In feasibility studies, everything looks smooth: low cost of raw materials (gas is “free”), growing demand for hydrogen, government subsidies for “green” gas. technologies. Reality is harsher. First of all, it's ?free? raw materials. As I already said, gas extraction is a loss of fuel. We need to consider the real opportunity cost of this gas for the plant. Sometimes it turns out that it is more profitable to sell the coke oven gas itself to a neighboring plant as fuel than to invest in an expensive hydrogen separation plant.

Secondly, capital costs. A full-fledged complex - from cleaning to compression - costs tens of millions of dollars. The payback period highly depends on the final price of hydrogen, which is very volatile. Thirdly, operating costs. Replacing adsorbents, membranes, reagents for removing sulfur, energy for compression - this is a constant cash outflow. I saw a project where, due to the high content of hydrogen sulfide, it was necessary to install an additional oxidative desulfurization stage, which killed all profitability.

And the main stumbling block is stability. Coke production is cyclical. There are planned shutdowns for battery repairs, and there are fluctuations in the quality of coal. The composition and quantity of gas is not constant. The hydrogen installation must be flexible and resistant to such fluctuations, and this is a complex and expensive automation. Not all technology manufacturers take this into account when selling “standard” ones. solutions. ExperienceChengdu Yizhi Technology Co.is valuable here precisely because, judging by their projects, they are deeply immersed in the specifics of coke-chemical production, and do not offer abstract installations.

Looking ahead: is there light at the end of the tunnel?

Despite all the difficulties, the direction has prospects. There are several drivers. The first is the “dual carbon neutrality” policy. in China. It forces us to look for any opportunities to reduce our carbon footprint.Hydrogen from coke oven gasis the utilization of a by-product to produce low-carbon (not to be confused with “green?”) hydrogen. This is better than flaring the gas or simply using it as fuel without purification. Carbon credits or other preferences may appear.

The second driver is the development of hydrogen energy and mobility in certain regions. If a network of hydrogen filling stations is created in the provinces of Shanxi or Hebei, where the main coke-chemical capacities are concentrated, then local production from coke oven gas will become strategically important. For now these are targeted initiatives.

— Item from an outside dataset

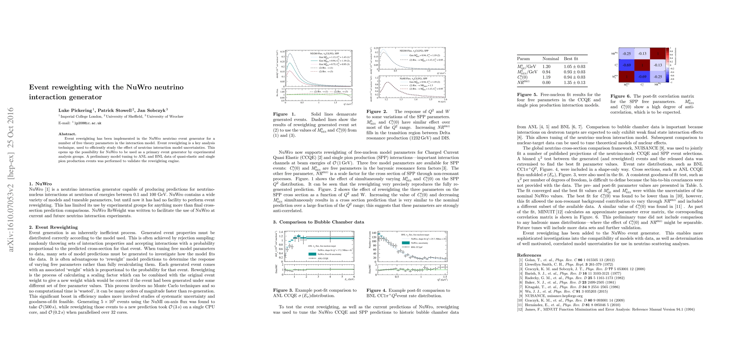 The NuWro neutrino event generator now incorporates event reweighting for various free parameters in its interaction model, enabling efficient study of model uncertainties. Preliminary tuning using ANL and BNL data for quasi-elastic and single pion events validates the reweighting technique, enhancing NuWro's utility for experimental analysis.

The third factor is technological. Cheaper and impurity-resistant membranes, adsorbents with a larger capacity, and effective cleaning methods are appearing. Process energy consumption is reduced. This improves the economy. But the fundamental conclusion, based on practice, is this: successful will not be the project that simply technically extracts hydrogen, but the one that is initially built into a comprehensive scheme for energy and resource supply of the entire industrial cluster, with a thoughtful balance and reliable sales. This is a complex system task, not just purchasing equipment. And it is in this systematic approach, it seems to me, that the main prospect for hydrogen from coke oven gas in China lies.